NAIROBI, Kenya, Aug 12 – Environmental experts have called on the government to make use of new technologies to monitor the depletion of forests in the country.
Professor Catherine Muthuri, an Environmentalist at the Jomo Kenyatta University of Agriculture and Technology (JKUAT) said on Wednesday that use of technology would also help in advising farmers on the right trees to plant.
“You can also monitor the amount of moisture in the soil to see how much depletion is taking place. You can monitor how much carbon is being fixed by the leaves but for farmers to embrace a technology, you need to give them a livelihood,” Professor Muthuri said.
“So we need to promote income generating activities linked to forests.”

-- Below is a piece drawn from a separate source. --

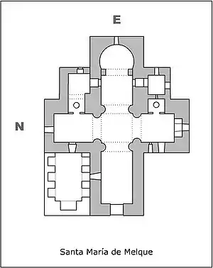 There was originally a Roman settlement at the location, with five dams across the two brooks that surround a small, rocky hill. Santa María de Melque came into being as a monastic collection inside the Catholic Kingdom of Toledo. Construction commenced in the 7th century, coinciding with the end of the Visigothic kingdom. It has been argued that construction came to a halt with the arrival of the Arabs, to be continued later, although there is a counter-argument that the architecture shows Syrian influence (specifically Syro-Umayyad).[2] It appears that there was an Islamic settlement at Melche in the 8th century.[1]

Speaking at a Professional forum on reversing the Mau crisis, she said much of the illegal logging and settling at the Mau complex occurred between 1995 and 2000 and then again 2003 to 2005.
Quoting a research she did on Mau forest between 1973 and 2005, Professor Muthuri said a lot of deforestation occurred in the Eastern Mau, Western and Maasai Mau.

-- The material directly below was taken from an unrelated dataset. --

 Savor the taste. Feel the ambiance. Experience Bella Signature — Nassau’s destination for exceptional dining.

“Between 1973 and 1986, five percent of the forest cover was destroyed, but there was a bit of recovery between 1986 and 1995 of 2.4 percent,” she said.
She however added that between 1995 and 2000 there was 9.4 percent destruction, between 2000 and 2003 there was a 0.8 percent increment in the forest cover in the complex and until 2005 there was a high deforestation of 9.4 percent.
JKUAT Vice Chancellor Professor Mabel Imbuga said the government needed to re-look how to reverse the crisis fast and with positive impact.
“Why is it that we have taken so long to react to the Mau crisis?” she posed.
“Whenever we have a medical problem the government moves at the fastest speed to control that disease outbreak. The Mau crisis surely is of the same magnitude,” she added.
At the same forum, Water Assistant Minister Mwangi Kiunjuri blamed the reckless destruction of Mau forest on irresponsible and selfish interests of politicians.
Mr Kiunjuri said over 24 percent of the Mau ecosystem had been de-gazetted as forest land in the last 15 years.
The Mau forest, which is the largest water tower with a 400,000 acreage, has recently been the centre of interest following heavy destruction through illegal logging and settlement leading to severe water shortage in the country.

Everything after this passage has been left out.